[Collected data]
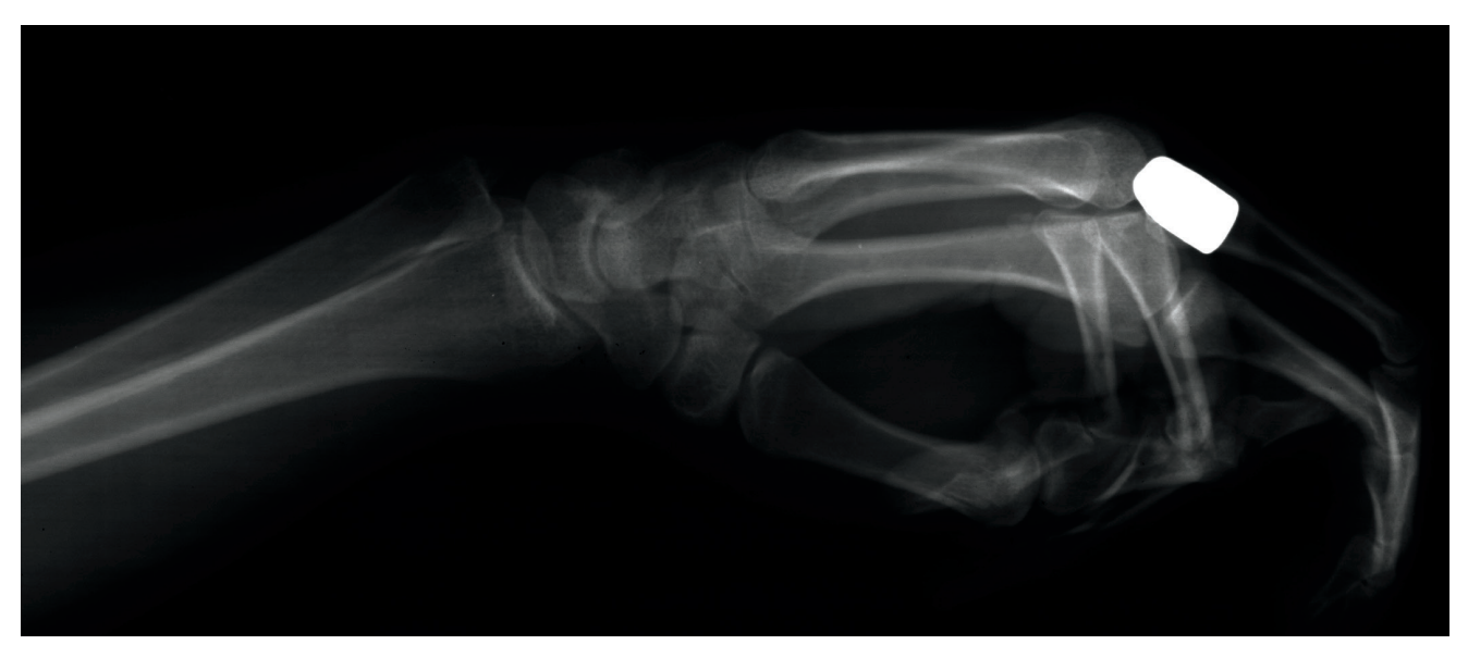
Image 3: Radiograph of the decedent's left hand with the bullet lodged in the base of the left ring finger at the metacarpal-phalangeal joint.
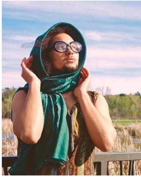
Mason Persons Name as pronoun
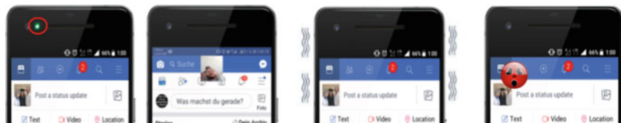
Fig. 5 Different feedback conditions to communicate a shoulder surfing incident investigated in previous work [44]. The different feedback conditions are (from left to right): (1) front LED, (2) video preview, (3) vibro-tactile, and (4) on-screen icon. The authors found that vibro-tactile feedback results in the lowest reaction time

Furthermore, different strategies have been proposed that do not rely upon detecting a shoulder surfer at first, but rather are applied constantly. For example, Chen et al. [12] developed Hide Screen, which utilizes human vision characteristics to preserve privacy. Simplified, the approach allows changing the readability of information based on the viewing angle. Instead of hiding the information from an attacker, Watanabe et al. [55] suggest adding additional information that is designed to throw an attacker off. They suggest showing multiple cursors on the screen
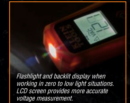
Flashlight and backlit display when working in zero to low light situations. LCD screen provides more accurate voltage measurement.
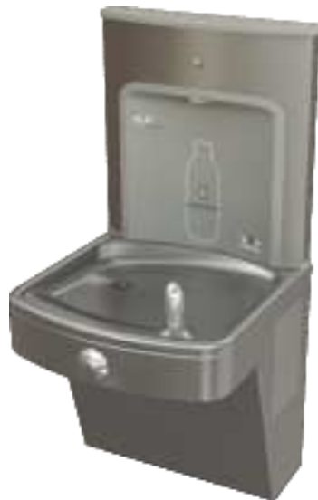
Model A171400F-UG-VR-BF11 Shown
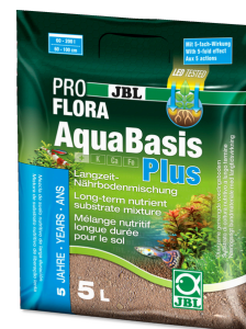
JBL PROFLORA AquaBasis plus Long-lasting nutrient substrate f. freshwater aquarium
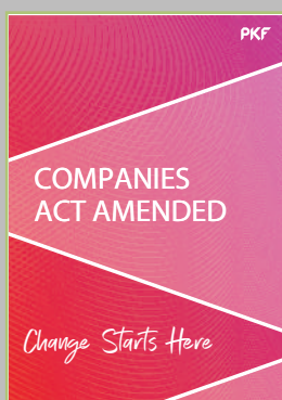
Amendment on the Companies Act, 2022
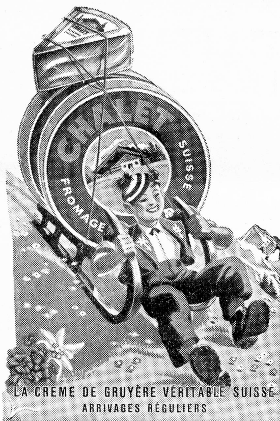
Swiss Chalet Cheese is a real treat for Cheese lovers
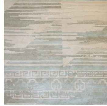
SHIORI HAND-KNOTTED WOOL & SILK 59124
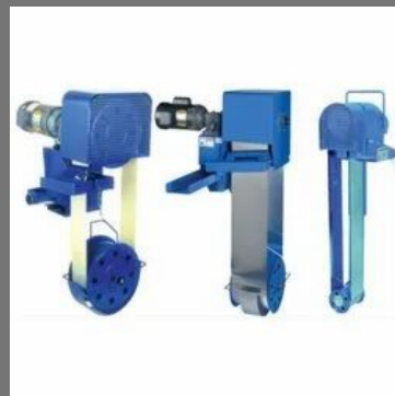
Stainless Steel Oil Skimmers

* _REQUIRED WORK_
A word-for-word repeat is expected of the lines from the one with "SHIORI HAND-KNOTTED WOOL & SILK 59124" to the end of the data, both included; pictures are not part of it.

* _EXERCISE RESPONSE_
SHIORI HAND-KNOTTED WOOL & SILK 59124
Stainless Steel Oil Skimmers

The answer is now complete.